To help better understand the context of the question, would you be able to provide some details / sample documents and expected output?
Regards,
Jason
Hello @Jason_Tran,
Thank you for the response! The part where you are saying about providing calculated values to $search
stage looks very promising, how can I achieve that?
Anyway I went with pre-calculated values in the search model so it already contains calculated values, the only drawback of this solution is that I have quite large array of objects in each document (~3000), at this moment it doesn’t affect performance but I am not sure if this is a proper solution.
{
"_id": {
"$oid": "628b81d159a887d838e37944"
},
"firstName": "User",
"lastName": "Example",
"email": "user@example.com",
"photoURL": "",
"skills": [{...}],
"certificates": [{...}],
"languages": [{...}],
"availability": [
{
allocatedHours: Double,
day: Date,
maxHours: Double,
availableHours: Double,
availablePercent: Double
}
] <= this array grew to 3k documents because I need daily granularity and I am storing availability up to 10 years
}
Apologies here, what I had meant was pre-calculating the fields (outside of the database) and then providing those to the $search
stage which is what you have done currently based off your most recent reply.

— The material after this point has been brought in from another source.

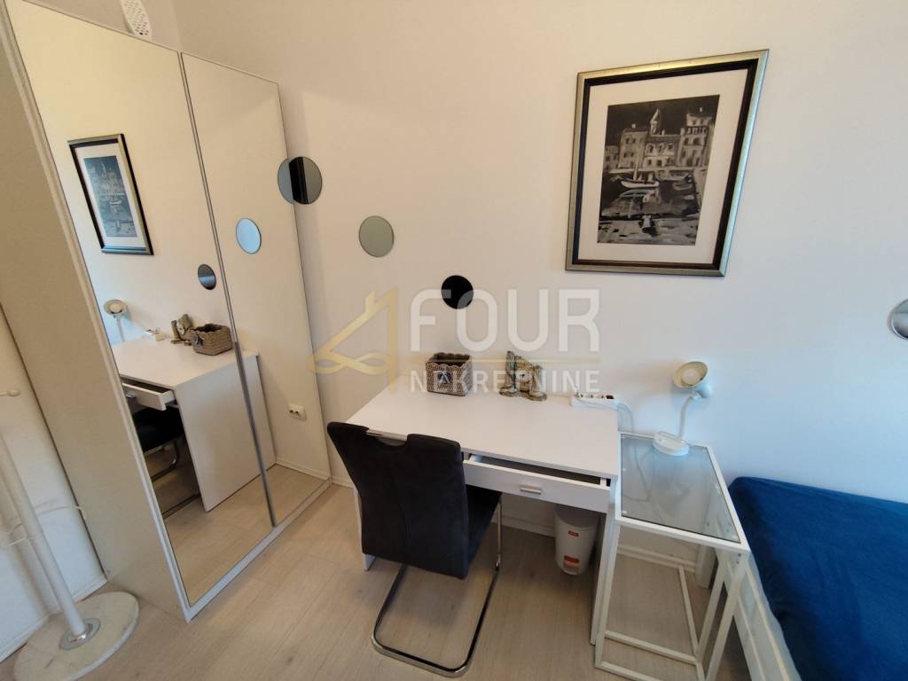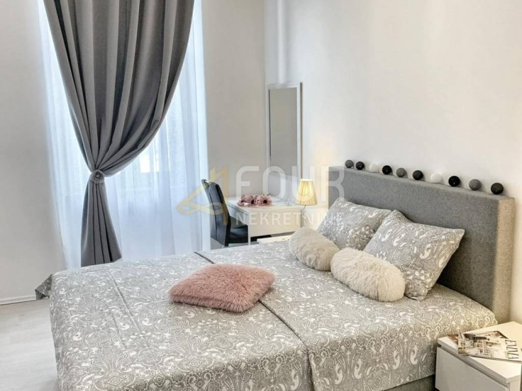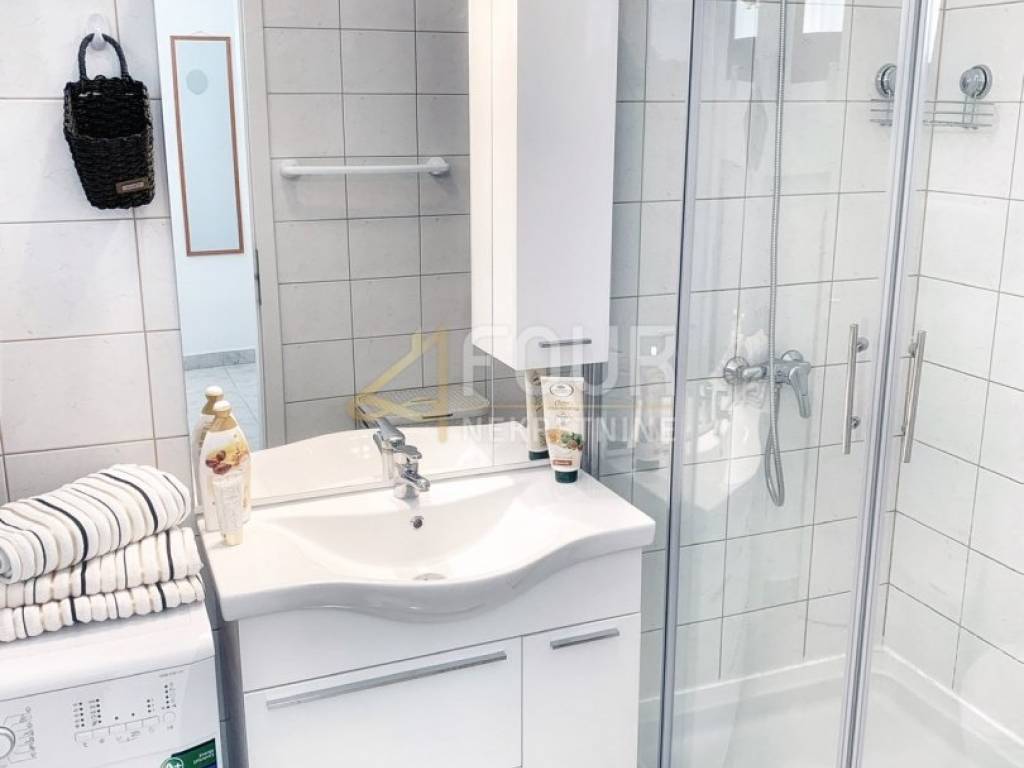 L'appartamento è composto da un lungo corridoio, un ingresso, due confortevoli camere da letto, un ampio soggiorno, una cucina separata, un bagno e un WC separato. È completamente arredato, ristrutturato e ben tenuto, e la disposizione complessiva offre un'eccezionale funzionalità e comfort.

Anyway I went with pre-calculated values in the search model so it already contains calculated values, the only drawback of this solution is that I have quite large array of objects in each document (~3000), at this moment it doesn’t affect performance but I am not sure if this is a proper solution.

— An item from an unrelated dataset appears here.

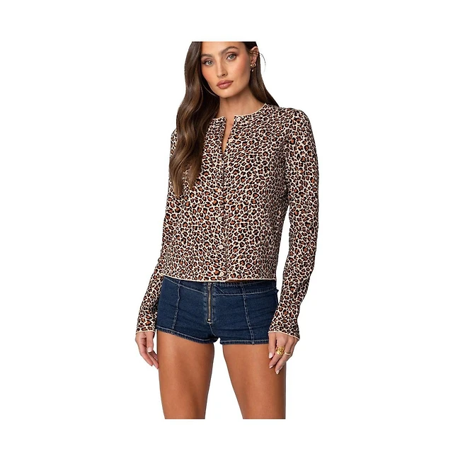Edikted Women's Leopard Printed Knit Cardigan

Just to clarify, do you mean each individual document output from the $search
stage has approximately ~3000 (and/or more) documents inside the availability
array field?
Regards,
Jason
I guess my current solution does not work as you expect, at this moment I am not providing anything external to my $search
stage, everything comes from materialized view which was built totally out of $search
.
Just to clarify, do you mean each individual document output from the $search
stage has approximately ~3000 (and/or more) documents inside the availability
array field?
No, I guess it would totally kill networking between db => backend => frontend. But my input documents (the ones in materialized view) indeed contains ~3000 documents in availability
array. After searching on them but before returning results I am using projection with $filter
to reduce amount of documents inside this array, you can see that solution below.
{
"$addFields" : {
"availability" : {
"$filter" : {
"input" : "$availability",
"as" : "item",
"cond" : {
"$and" : [
{ "$lte" : [ "$$item.day", ISODate('2022-11-30') ] },
{ "$gte" : [ "$$item.day", ISODate('2022-08-01') ] }
]
}
}
}
}
}